§ DATA SEGMENT
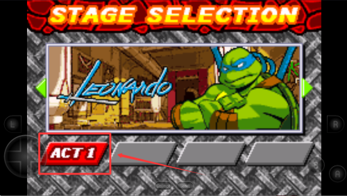 4、角色成长差异化体系,米开朗基罗双截棍蓄力触发空中连击,多纳泰罗木棍敲击地面生成震荡波,专属技能树影响战斗风格走向。
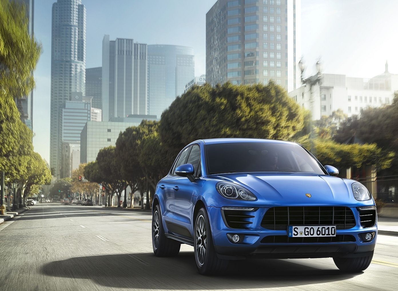 Shot head-on against a tree-lined downtown boulevard, the Macan S in blue showcases its broad, structured hood and the characteristic four-point LED daytime running light signature borrowed from the 911. The wide track and prominent wheel arches give the compact SUV a planted, purposeful road presence.
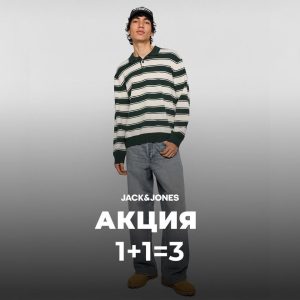 Отличная новость для тех, кто любит выгодные покупки: в JACK&JONES стартовала акция 1+1=3! При покупке двух товаров третий вы получаете в подарок — с равной или меньшей стоимостью.
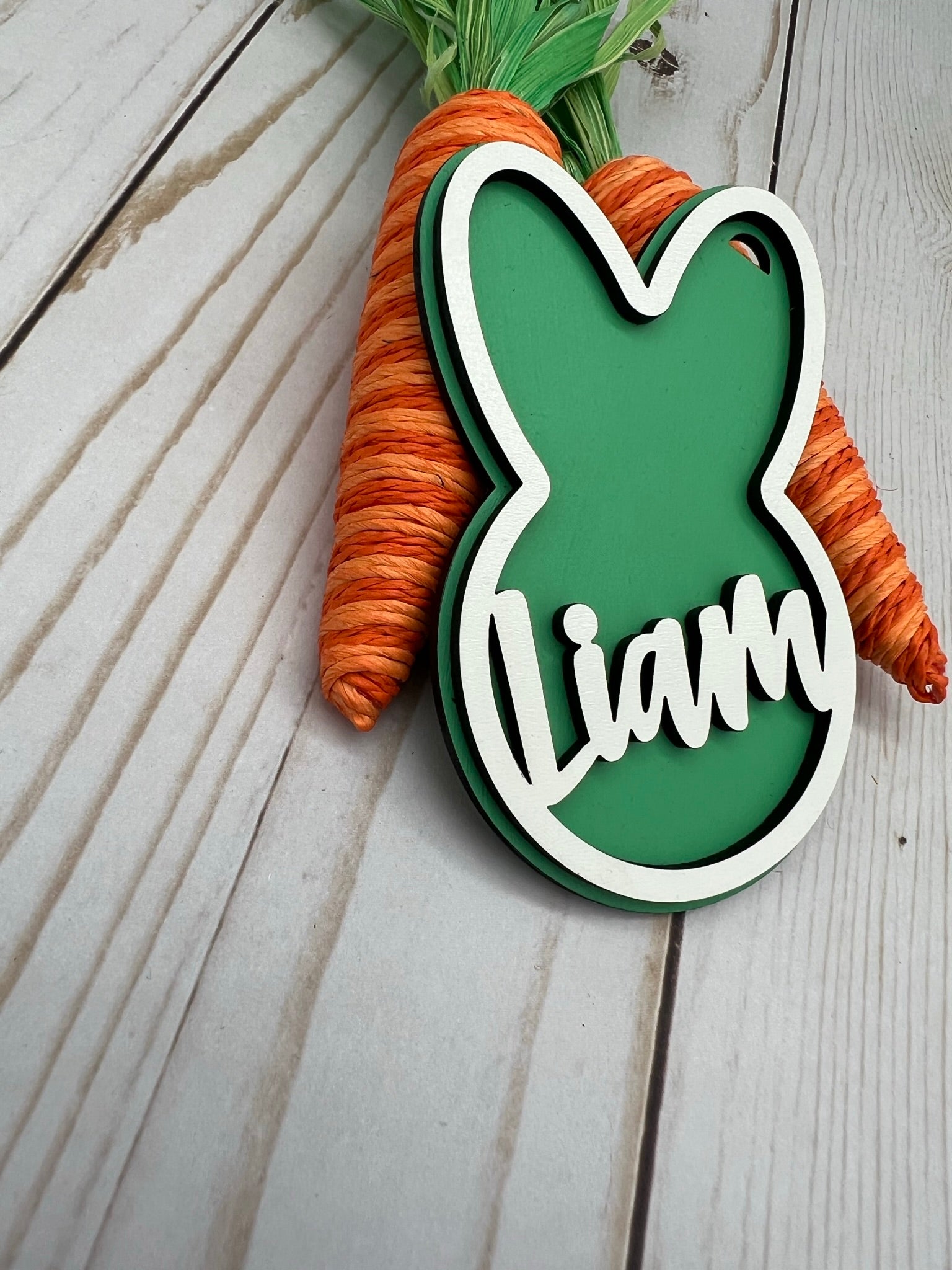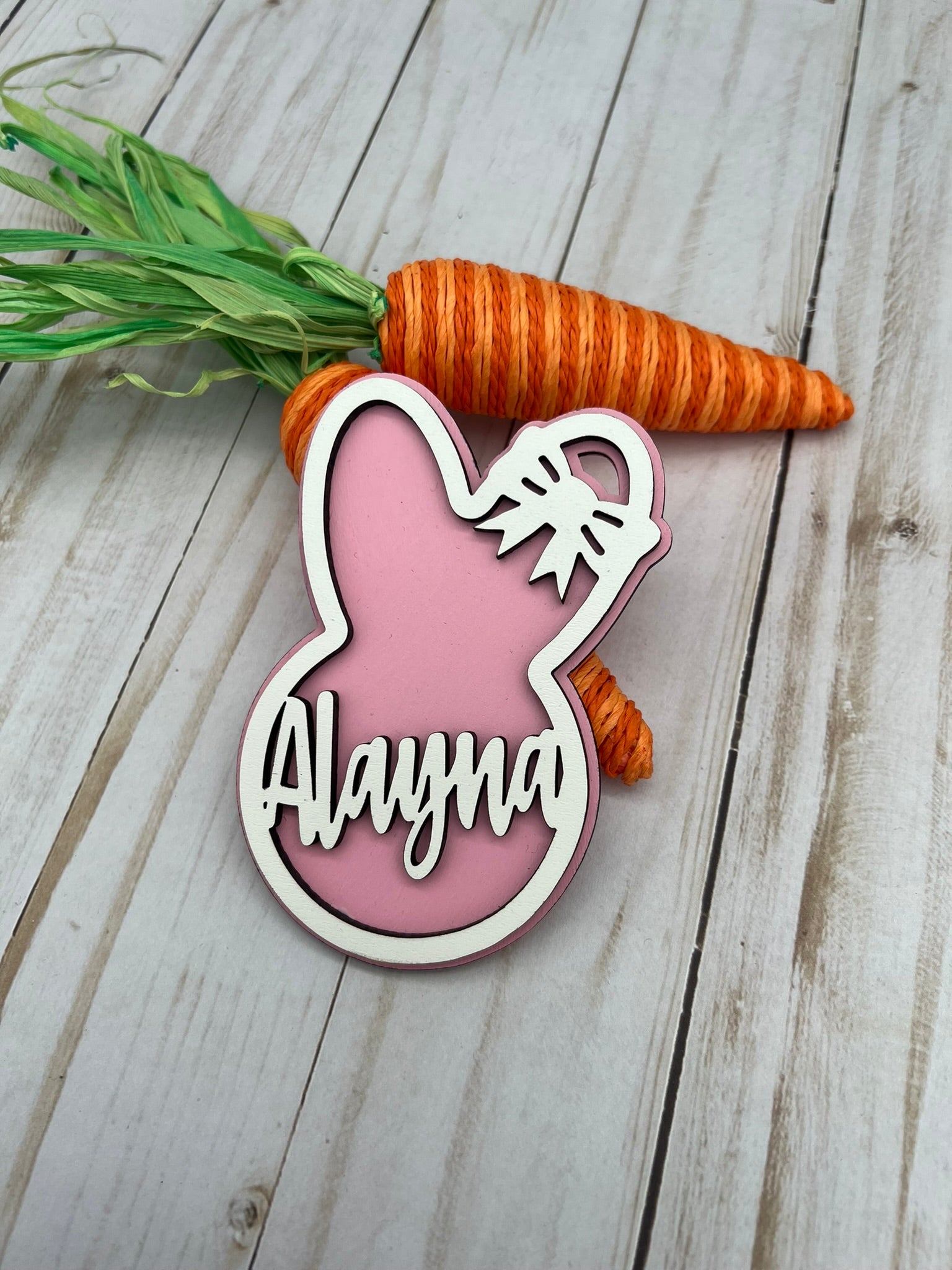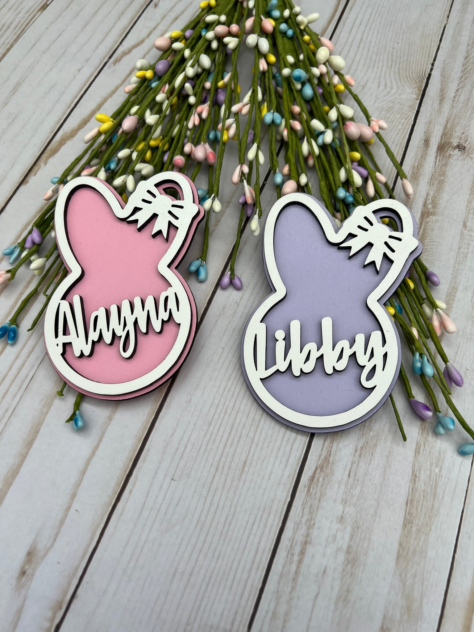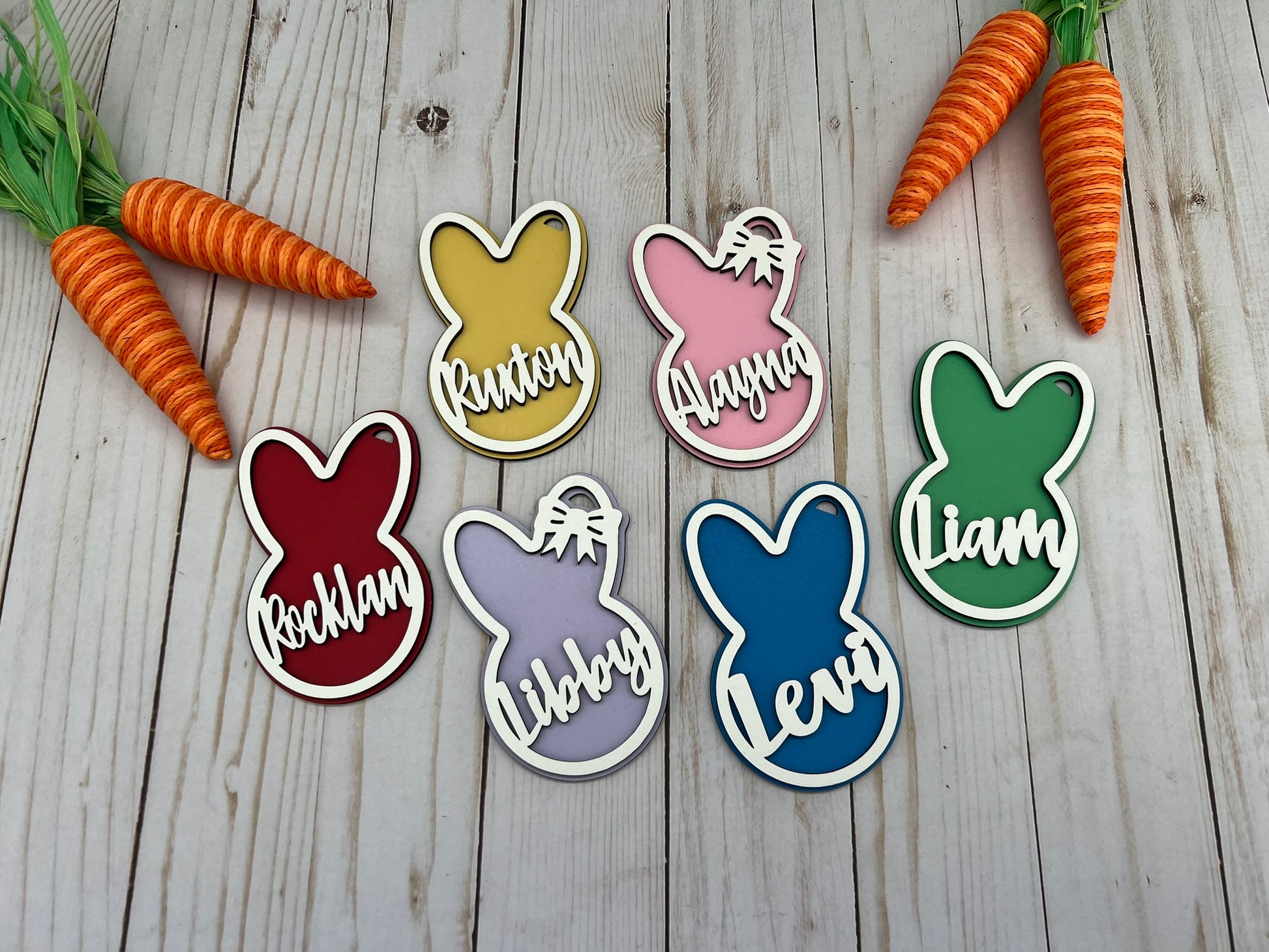 These adorable personalized bunny name tags are perfect for hanging on your Easter baskets or gift baskets and can be used for many years to come!

§ EXERCISE DETAILS
The complete material, set down exactly and stripped of pictures, is the expected response.

§ SOLVED PROBLEM
 4、角色成长差异化体系,米开朗基罗双截棍蓄力触发空中连击,多纳泰罗木棍敲击地面生成震荡波,专属技能树影响战斗风格走向。
 Shot head-on against a tree-lined downtown boulevard, the Macan S in blue showcases its broad, structured hood and the characteristic four-point LED daytime running light signature borrowed from the 911. The wide track and prominent wheel arches give the compact SUV a planted, purposeful road presence.
 Отличная новость для тех, кто любит выгодные покупки: в JACK&JONES стартовала акция 1+1=3! При покупке двух товаров третий вы получаете в подарок — с равной или меньшей стоимостью.
 These adorable personalized bunny name tags are perfect for hanging on your Easter baskets or gift baskets and can be used for many years to come!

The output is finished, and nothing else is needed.